Keempat, pengajuan upaya hukum tertentu yang memiliki batas waktu pengajuan antara 15 Maret hingga 30 April 2020 diberikan perpanjangan batas waktu sampai 31 Mei 2020.

– Beleid Baru Perihal Advance Pricing Agreement
Kemenkeu menerbitkan beleid baru terkait tata cara pelaksanaan kesepakatan harga transfer (Advance Pricing Agreement/APA). Peraturan Menteri Keuangan No.22/PMK.03/2020 ini terbit untuk memberikan kepastian hukum bagi wajib pajak.

Pembaruan beleid diperlukan agar ketentuan terkait penentuan harga transfer sesuai dengan praktik internasional yang berlaku saat ini. Ujung dari kebijakan ini juga diharapkan mampu menekan angka sengketa terkait kegiatan transfer pricing.

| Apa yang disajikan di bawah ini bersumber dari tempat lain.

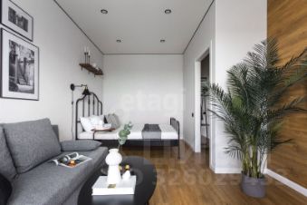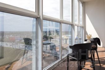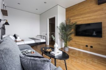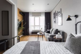 Планировка включает одну просторную комнату и совмещенный санузел. Также есть лоджия, где можно организовать уютное место для отдыха. Дом оборудован как пассажирским, так и грузовым лифтами, поэтому можно легко и быстро добираться до квартиры с покупками или крупными вещами.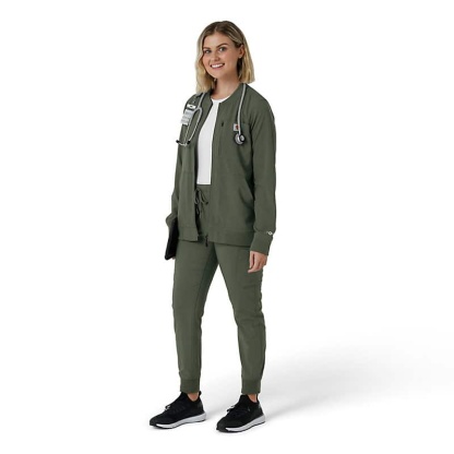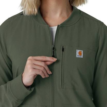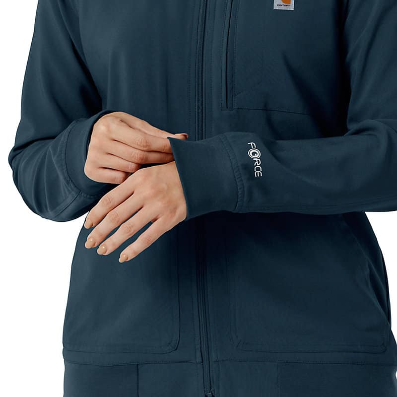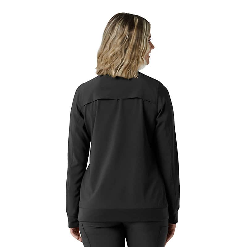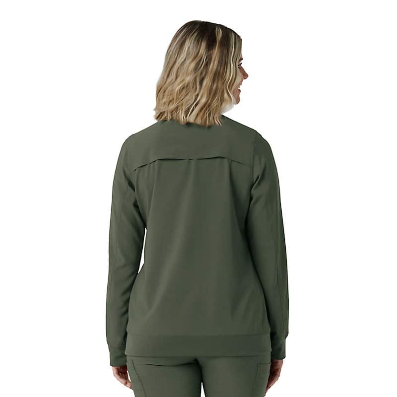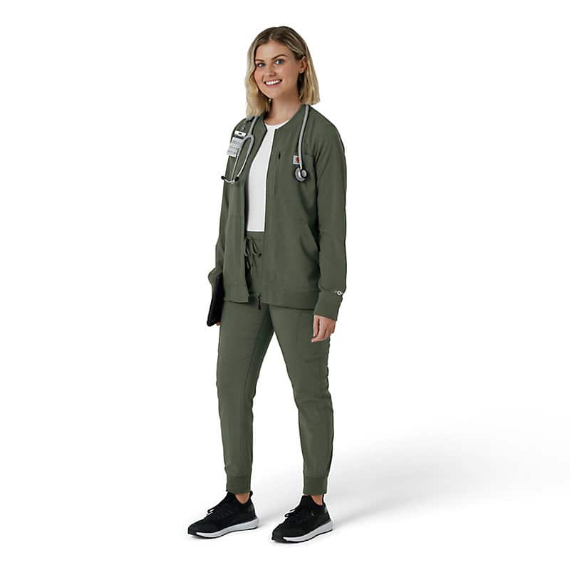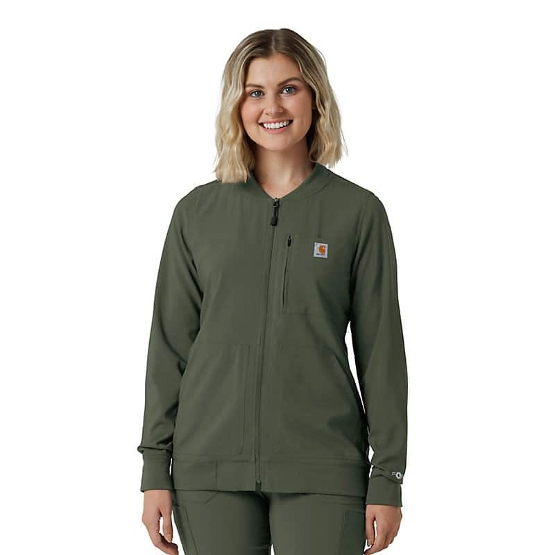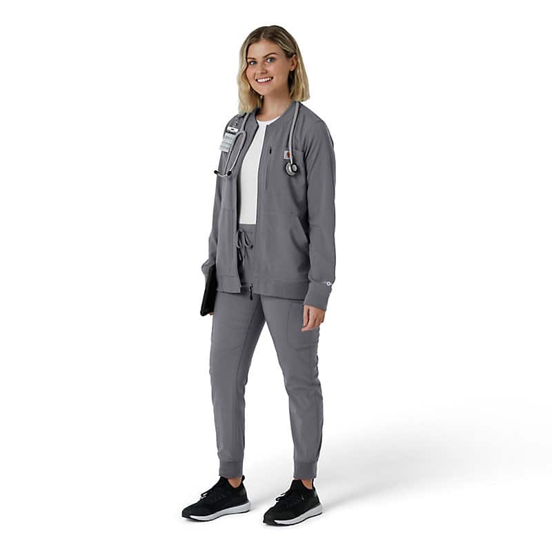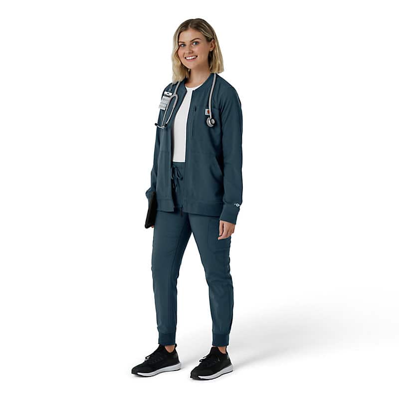 This women's Carhartt scrub jacket is a unique blend of classic workwear style and healthcare-specific functionality. At first glance, it resembles a traditional work jacket, but it's engineered to meet the unique demands of medical professionals. The Rugged Flex™ stretch fabric provides exceptional flexibility, allowing for unrestricted movement during busy shifts and demanding tasks. Functionality is a key focus, with a multitude of pockets strategically placed to keep essential tools and personal items organized and accessible. Notably, a dedicated stethoscope pocket ensures this crucial instrument is always within reach. The mesh-lined back vent promotes airflow, keeping you cool and comfortable even during long and strenuous periods. This jacket is designed to provide both durability and comfort. The robust construction ensures it can withstand the rigors of daily wear, while the thoughtful design div, such as the stretch fabric and ventilation, enhance overall comfort and performance. It's a reliable and practical choice for any healthcare professional seeking a durable and functional scrub jacket that can keep up with their demanding work environment.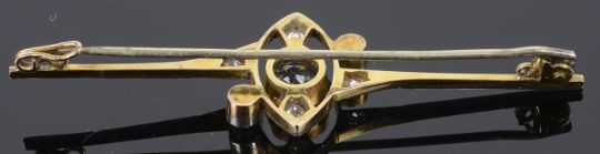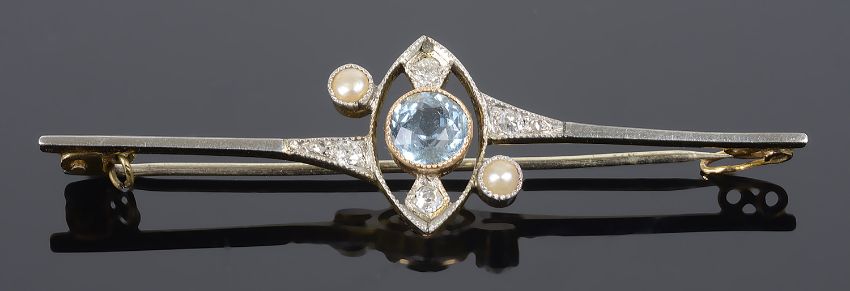 having central aquamarine within small diamonds mount to top and bottom and diametrically opposed half pearl and rose diamond detail, tests for gold, associated box
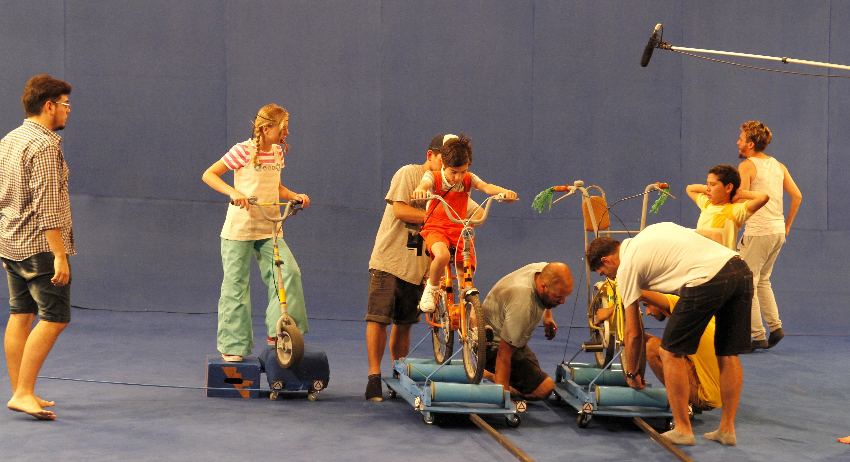 Asistencia. Durante el rodaje los técnicos arreglan las bicicletas en las que los chicos simulan andar en la siesta para perseguir a la pericana.

Beleid yang diklaim dapat memberikan kepastian hukum bagi wajib pajak ini juga memerinci mengatur mekanisme penentuan harga transfer, prosedur, jangka waktu, dan tindak lanjut permohonan pelaksanaan kesepakatan harga transfer.

– Ketentuan Baru Perihal VAT Refund
Mulai 26 Maret 2020, pelayanan pengembalian pajak pertambahan nilai (PPN) bagi turis asing atau VAT Refund tidak lagi dilakukan secara langsung atau tatap muka. Kebijakan ini diambil DJP dalam menyikapi penyebaran virus corona.

Ketentuan itu disampaikan Dirjen Pajak Suryo Utomo melalui Pengumuman No. PENG-43/PJ/2020 tentang Pengumuman Penyesuaian Pengajuan dan Penyelesaian Permintaan Kembali PPN Barang Bawaan Orang Pribadi Pemegang Paspor Luar Negeri.

Turis asing, masih dalam pengumuman tersebut, tetap dapat mengajukan permintaan kembali PPN atas pembelian barang bawaan melalui layanan elektronik yang disediakan oleh otoritas pajak.